| EXERCISE GOAL |
Nothing but the lines from the one with "Мягкий свитшот свободного" through the end of the data should be set down, each exactly as written, and no picture should be included.

| DATA |
>>>>>
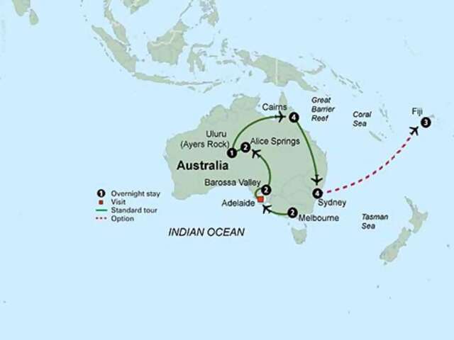 Explore the diverse wonder of the land “down under.” A 3-day adventure in the rugged Outback introduces you to the Aboriginal life and culture of Alice Springs and Uluru, the indigenous name for Ayers Rock. Delve into the colorful world of the Great Barrier Reef. Explore the Barossa valley, a premier winemaking region. Meet Australia’s famous wildlife up-close with a chance to see crocodiles, koalas, kangaroos, and other fascinating animals from the region. You’ll explore the vibrant cosmopolitan city of Melbourne and relax with 4-night stays in Sydney and Cairns, the gateway to the Great Barrier Reef! You’ll take a ride through the rainforest canopy in tropical Queensland and have a guided tour of the world famous Sydney Opera House.
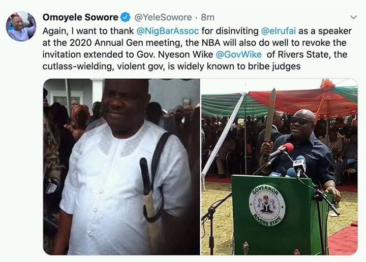 The presidential aspirant for the A.A.C party during the 2019 election, Omoyele Sowore has accused Rivers state governor, Nyesom Wike of bribing INEC officials and also threatening to kill the officials if they failed to deliver.
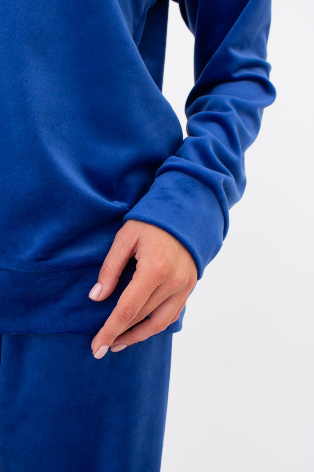 Мягкий свитшот свободного кроя изготовлен из велюровой ткани.
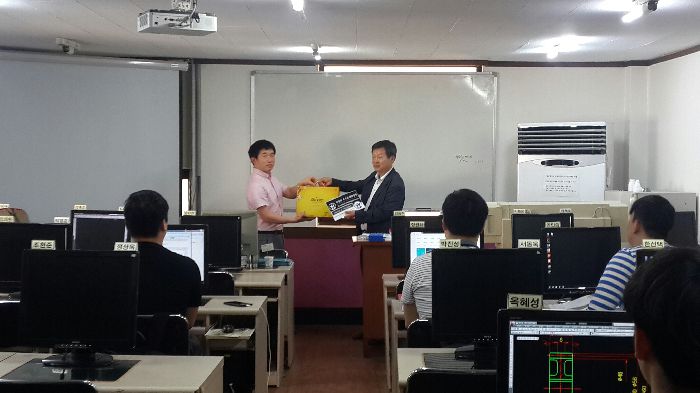 2017.06.07 훈련생들의 학습의욕을 고취시키기 위해 2017년 5월 훈련진행중인 전체훈련과정 중 [그린에너지전기설비], [CAM가공 및 기계요소설계] 과정을 교내 우수훈련과정반 선정하여 시상식을 하였습니다.
<<<<<
| SOLVED EXERCISE |
 Мягкий свитшот свободного кроя изготовлен из велюровой ткани.
 2017.06.07 훈련생들의 학습의욕을 고취시키기 위해 2017년 5월 훈련진행중인 전체훈련과정 중 [그린에너지전기설비], [CAM가공 및 기계요소설계] 과정을 교내 우수훈련과정반 선정하여 시상식을 하였습니다.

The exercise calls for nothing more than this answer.